Тропка через поле долго ползла вниз. Рельсы, разбитая станция, поселок за нею — все осталось позади, а здесь высокая уже трава обтирала своими метелочками сапоги Королева, и кузнечики прыгали из–под ног выше его роста. Солнце жгло, пахло цветущей травой; жаворонок взлетел перед Королевым и свечой ушел ввысь. Кузнечики стрекотали пронзительно, но весь их стрекот не мог заглушить равномерною тяжкого гула, от которого дрожал весь голубой купол неба.
Поле кончилось, тропинка, завернув направо, вошла в лес, прорезанный солнечными лучами, как струнами, пахнущий муравьями, нагретой сосновой корой, сыростью осин. Рассохшиеся шишки падали со стуком. Высоко уходили ярусы ветвей, а внизу было бело от цветов земляники. Тропка по–прежнему скользила все вниз, вниз, и Королев шагал уверенно, потому что впереди уже слышал высокие девичьи голоса.

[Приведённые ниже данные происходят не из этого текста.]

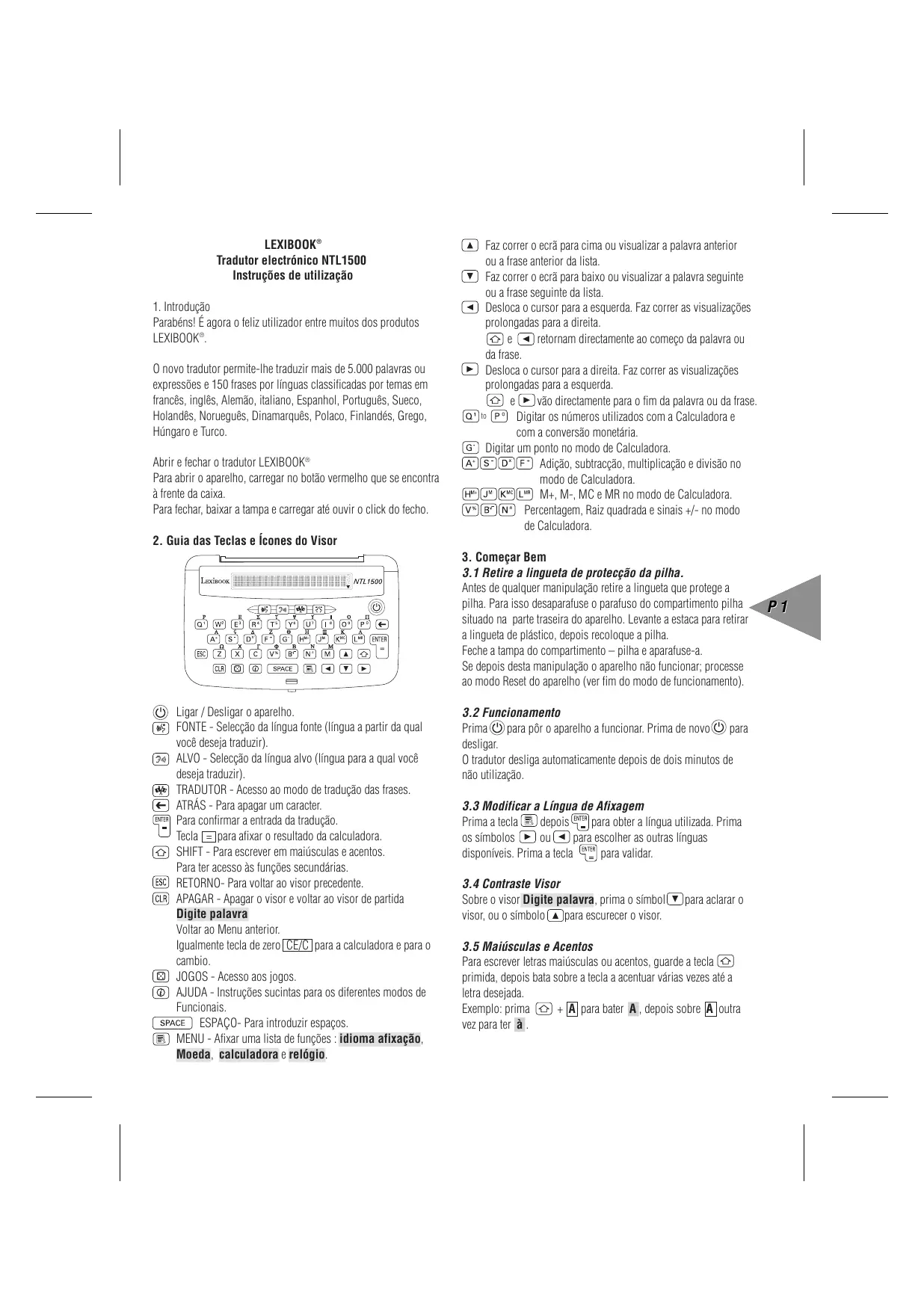 LfNTL 1500 - Tradutor eletrônico LEXIBOOK - Manual de utilização gratuito

Чего они так громко кричат? Звон стоял от нестройных возгласов, счастливых и ликующих. Он уторапливал шаги, дивясь их веселью. Сосны поредели, расступились, он вышел на луг и впереди увидел речку.
То есть речки–то он не увидел, а увидел мягкие округлые купы ольхи и тальника, росшие вдоль берегов и сплошь заслонявшие от него воду. Речка петляла по лугу, вместе с ней петляла цепь зарослей, а вдоль этой цепи по петляющей тропке шагал Королев. Он обходил очередную петлю и только начал заворачивать за куст, как вдруг услышал:
— Стойте! Вам дальше нельзя!
Дорогу ему загородила Манечка — босая, в белой рубашке до колен. Склонив голову набок, она полными коротенькими руками выжимала воду из мокрых волос.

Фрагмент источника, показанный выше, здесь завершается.